Aim of the exercise: Return, verbatim and in full, the records that follow, but not their pictures.

Excerpts from a dataset:
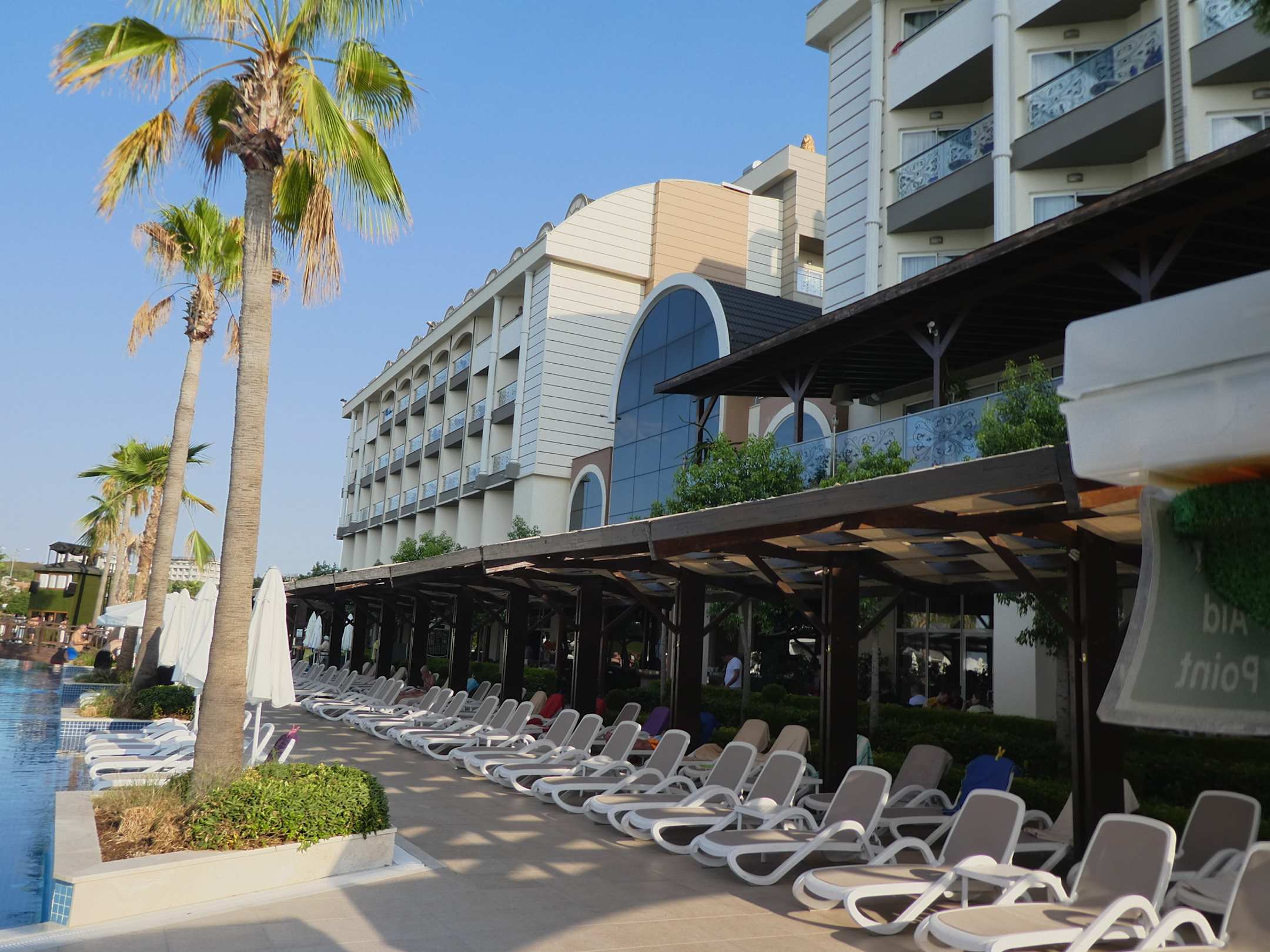 Hotel vom Pool aus und Liegestühle am Pool
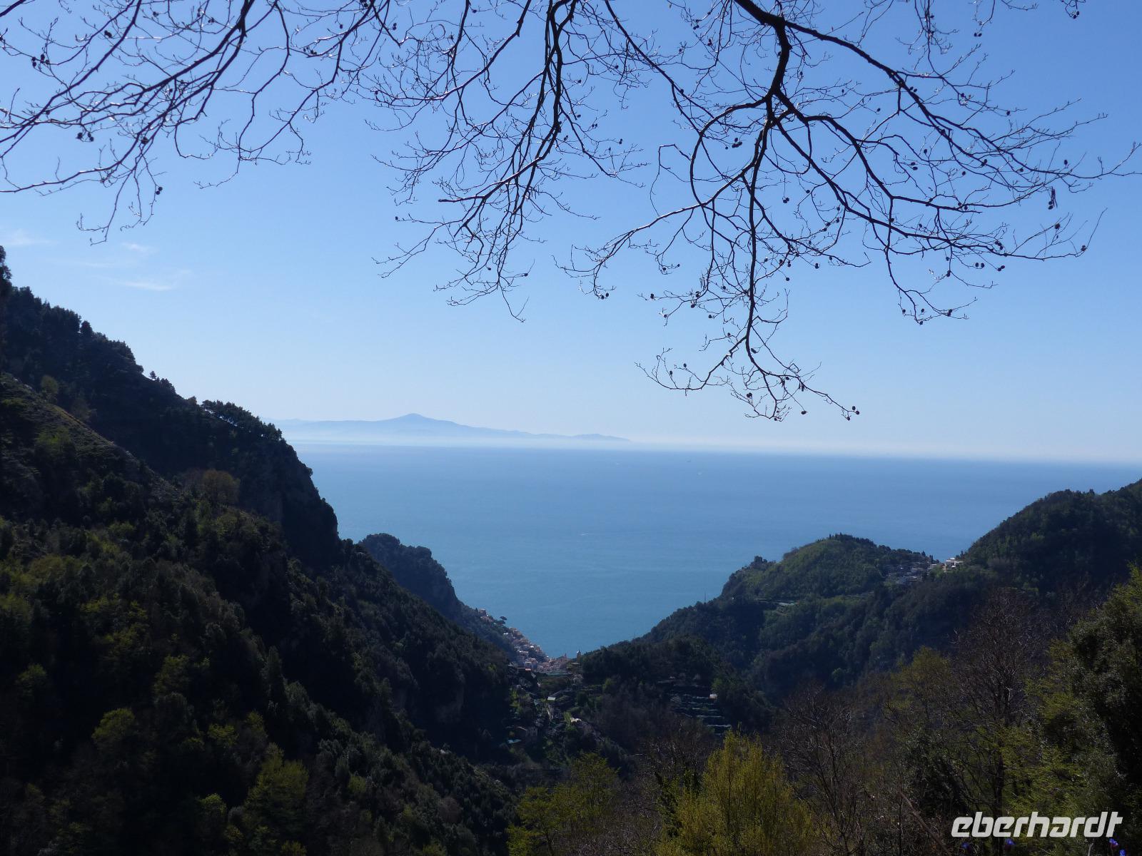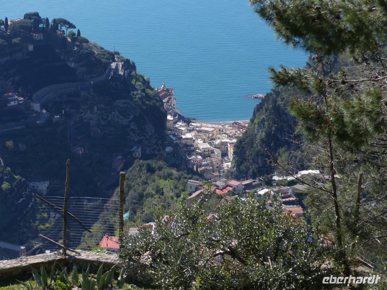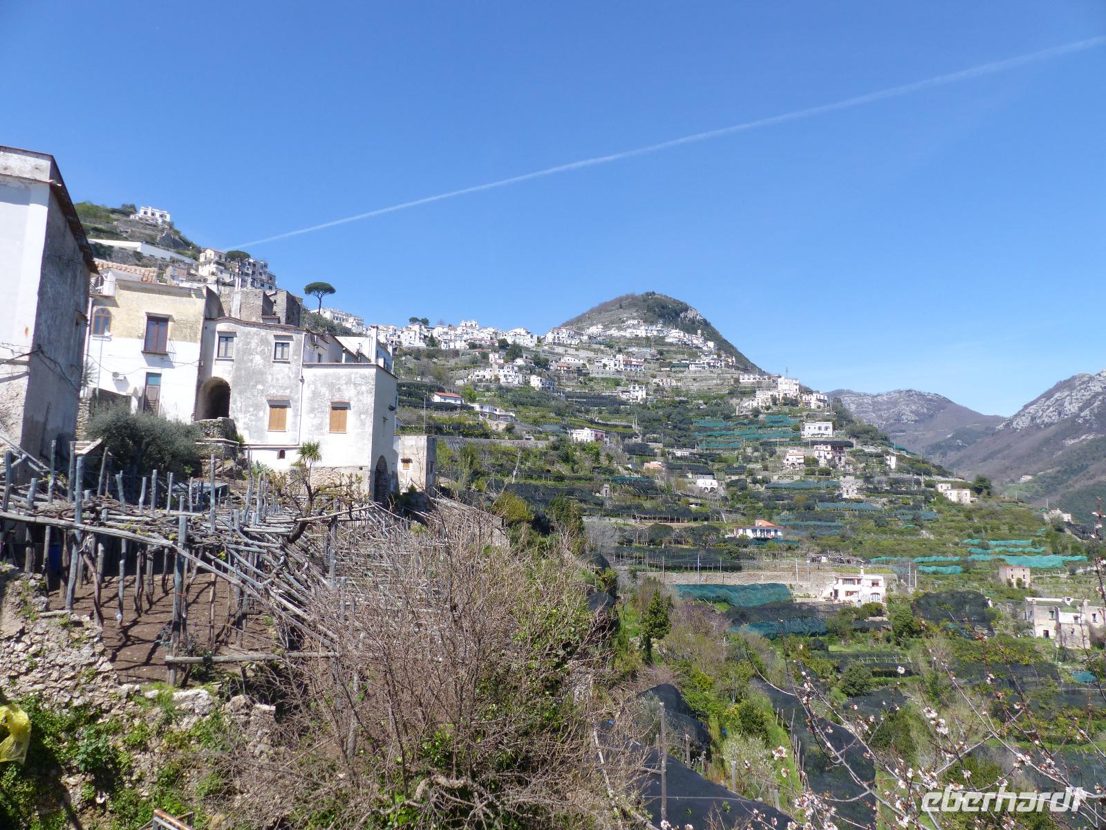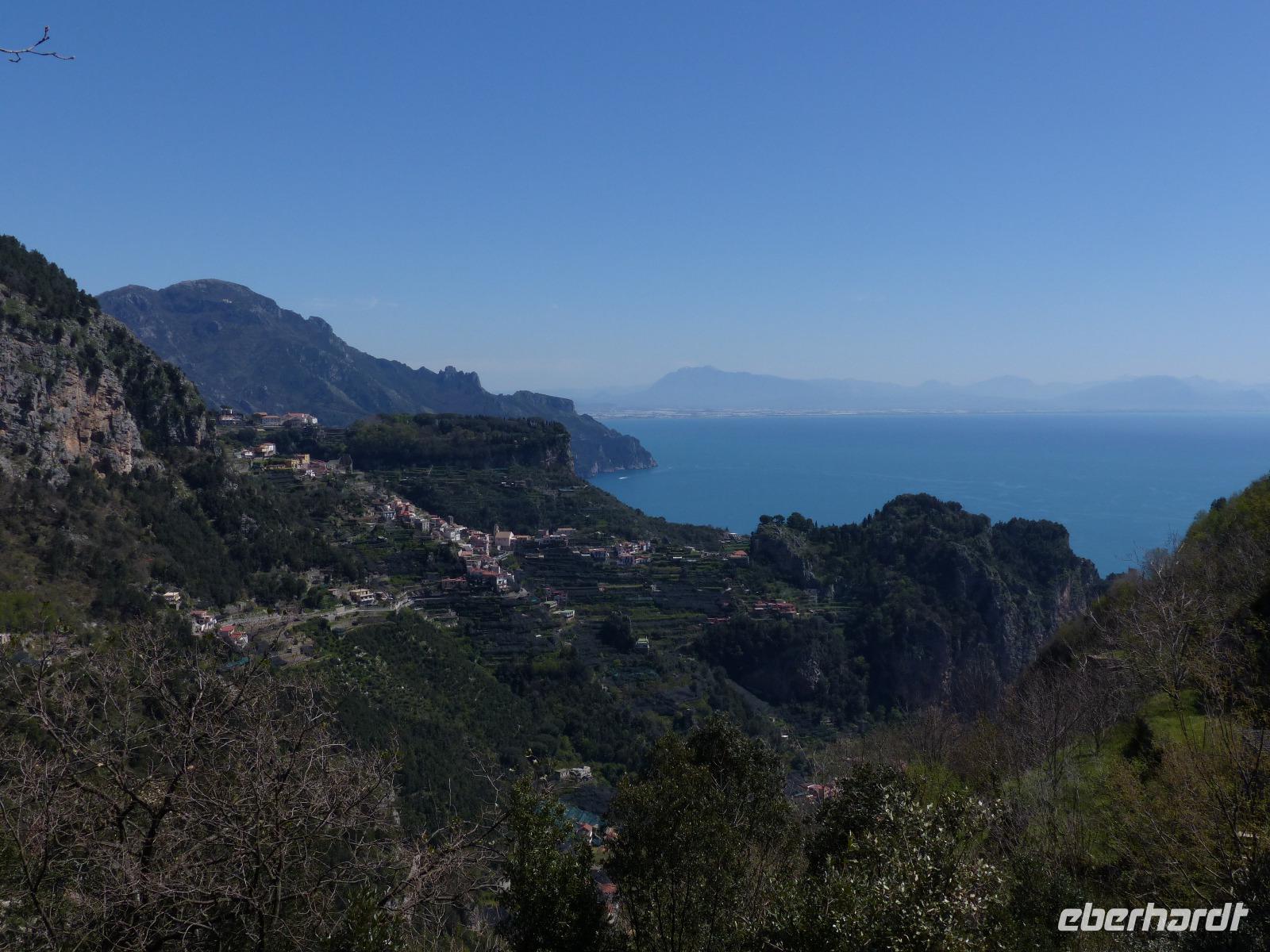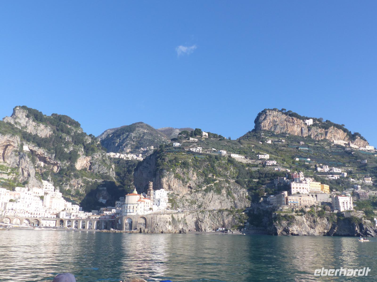 Unser gecharterter Bus brachte uns nach Amalfi. Am Morgen des Ostermontags war Amalfi fast menschenleer. Dort bewunderten wir die ganzjährig aufgestellten Weihnachtskrippen und besichtigten das Papiermuseum. Danach zogen wir los, durch Zitronenhaine am Ortsrand aufwärts ins Mühlental. Überall leuchteten uns die gelben Früchte entgegen. Aber fast alle waren mit schwarzen Netzen überzogen, die die reifen Früchte schützen. Bald schon ließen wir die Zitronenbäumchen hinter uns und durchwanderten das herrliche Valle dei Mulini, das Mühlental, passierten überwucherte alte Gemäuer und malerische Wasserfälle, und zwar an Stellen, wo sie eigentlich gar nicht hingehörten. In den vergangenen Wochen hatte es schrecklich viel geregnet. So wurden aus Rinnsalen richtige Flüsse. Unser Weg schlängelte sich durch Wald aufwärts. An einer alten Eisenhütte machten wir noch einen Abstecher zu einem Prachtexemplar von Wasserfall und suchten uns eine sonnige ruhigere Stelle für ein Picknick, denn die Jugend Neapels nutzte an Ostern das Tal zum Feiern. Dann folgte ein letzter Anstieg und es bot sich eine herrliche Aussicht auf Amalfi hinunter, bevor wir in Pontone auf dem Kirchplatz noch Kaffee tranken. In Atrani, das wir am Nachmittag erreichten, gönnten wir uns ein Eis, bevor wir nach Amalfi zurückwanderten. In Amalfi besichtigten wir dann noch den beeindruckenden Dom Sant' Andrea, bevor unser Bus uns wieder zu unserem angenehmen Hotel in Minori zurückbrachte. Hier ließen wir uns wie jeden Abend das schmackhafte Abendessen munden. Und jeder Gast bekam von Eberhardt-Travel noch eine frische Zitrone zum Abschluß dieses schönen ersten Wandertages geschenkt.
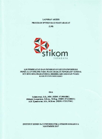 LPM : IbM Pembuatan dan Penerapan Sistem Informasi Penjualan Online pada Masyarakat Pengrajin Sandal RT1 RW2 Kelurahan/Desa Berbek Kecamatan Waru Kabupaten Sidoarjo.
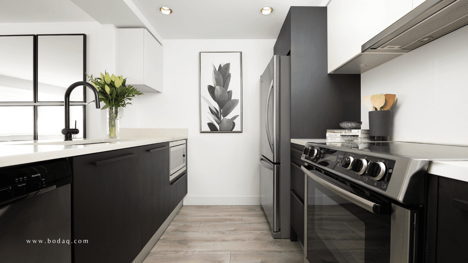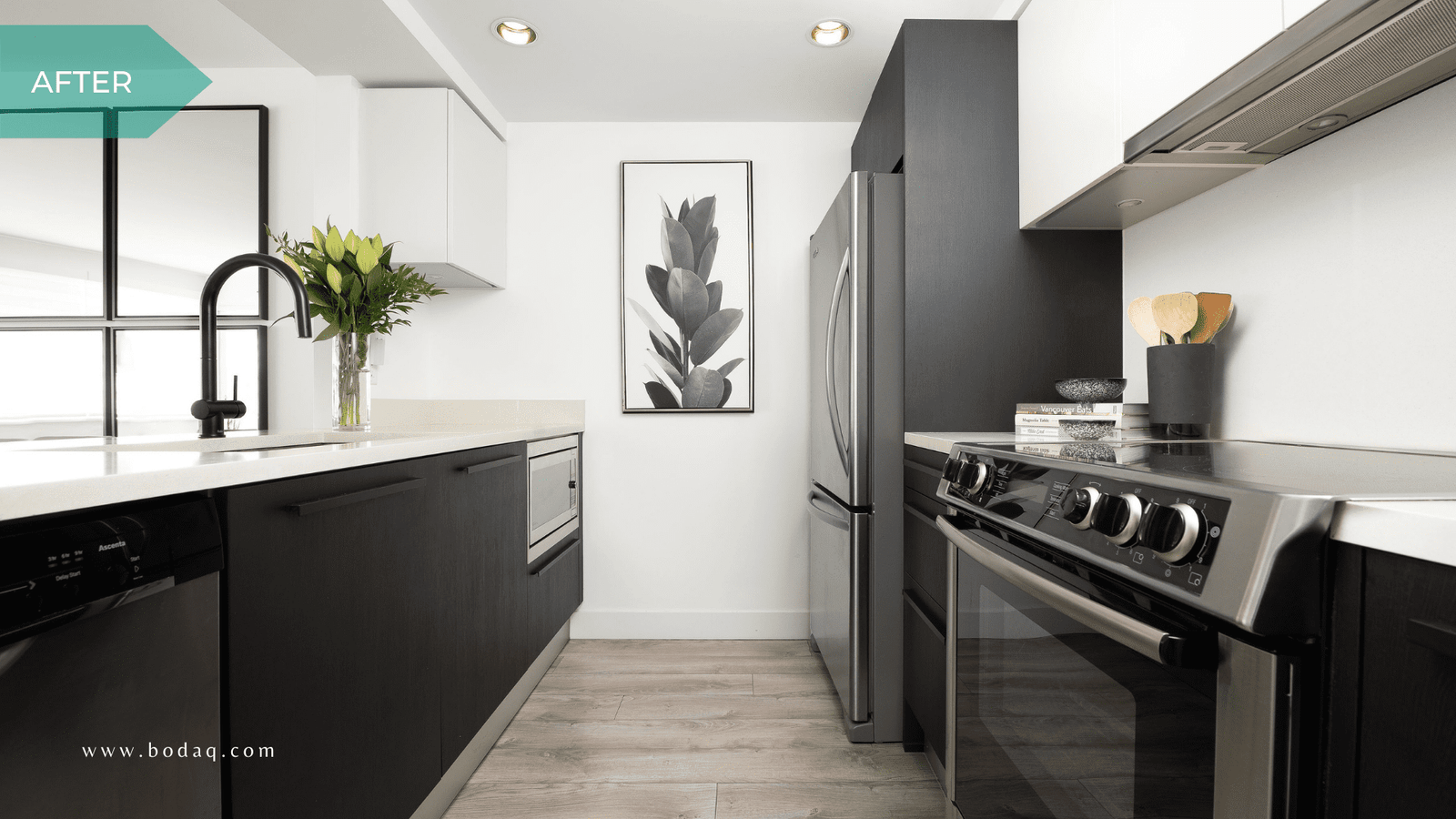 In this case, Kassam focused on updating the lower kitchen cabinets and bathroom vanity, two key areas of any home.
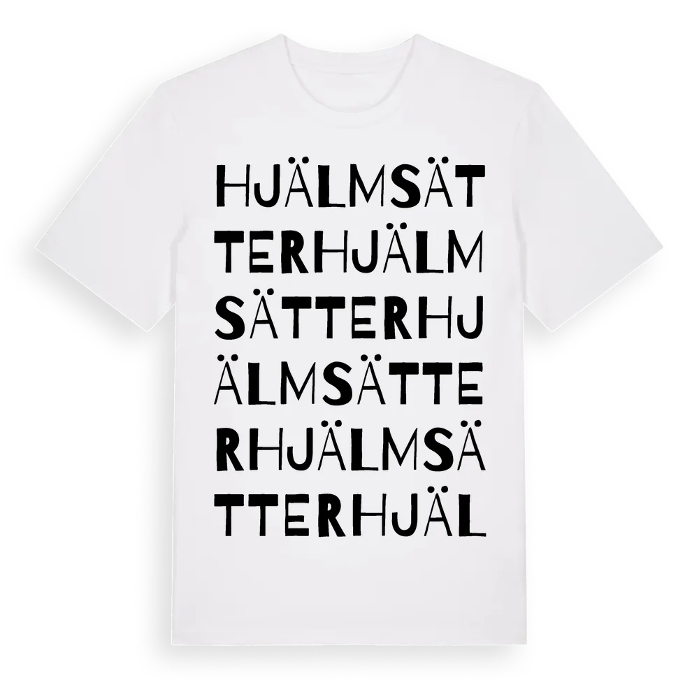 Hjälmsätter ordlek t-shirt är inspirerad av Hjälmsätter i Örebro län, Sverige. Tröjan är designad för dig som har en speciell koppling till platsen – oavsett om du bor här, har rötterna här eller bara älskar Hjälmsätter.

Answer box:
 Hotel vom Pool aus und Liegestühle am Pool
 Unser gecharterter Bus brachte uns nach Amalfi. Am Morgen des Ostermontags war Amalfi fast menschenleer. Dort bewunderten wir die ganzjährig aufgestellten Weihnachtskrippen und besichtigten das Papiermuseum. Danach zogen wir los, durch Zitronenhaine am Ortsrand aufwärts ins Mühlental. Überall leuchteten uns die gelben Früchte entgegen. Aber fast alle waren mit schwarzen Netzen überzogen, die die reifen Früchte schützen. Bald schon ließen wir die Zitronenbäumchen hinter uns und durchwanderten das herrliche Valle dei Mulini, das Mühlental, passierten überwucherte alte Gemäuer und malerische Wasserfälle, und zwar an Stellen, wo sie eigentlich gar nicht hingehörten. In den vergangenen Wochen hatte es schrecklich viel geregnet. So wurden aus Rinnsalen richtige Flüsse. Unser Weg schlängelte sich durch Wald aufwärts. An einer alten Eisenhütte machten wir noch einen Abstecher zu einem Prachtexemplar von Wasserfall und suchten uns eine sonnige ruhigere Stelle für ein Picknick, denn die Jugend Neapels nutzte an Ostern das Tal zum Feiern. Dann folgte ein letzter Anstieg und es bot sich eine herrliche Aussicht auf Amalfi hinunter, bevor wir in Pontone auf dem Kirchplatz noch Kaffee tranken. In Atrani, das wir am Nachmittag erreichten, gönnten wir uns ein Eis, bevor wir nach Amalfi zurückwanderten. In Amalfi besichtigten wir dann noch den beeindruckenden Dom Sant' Andrea, bevor unser Bus uns wieder zu unserem angenehmen Hotel in Minori zurückbrachte. Hier ließen wir uns wie jeden Abend das schmackhafte Abendessen munden. Und jeder Gast bekam von Eberhardt-Travel noch eine frische Zitrone zum Abschluß dieses schönen ersten Wandertages geschenkt.
 LPM : IbM Pembuatan dan Penerapan Sistem Informasi Penjualan Online pada Masyarakat Pengrajin Sandal RT1 RW2 Kelurahan/Desa Berbek Kecamatan Waru Kabupaten Sidoarjo.
 In this case, Kassam focused on updating the lower kitchen cabinets and bathroom vanity, two key areas of any home.
 Hjälmsätter ordlek t-shirt är inspirerad av Hjälmsätter i Örebro län, Sverige. Tröjan är designad för dig som har en speciell koppling till platsen – oavsett om du bor här, har rötterna här eller bara älskar Hjälmsätter.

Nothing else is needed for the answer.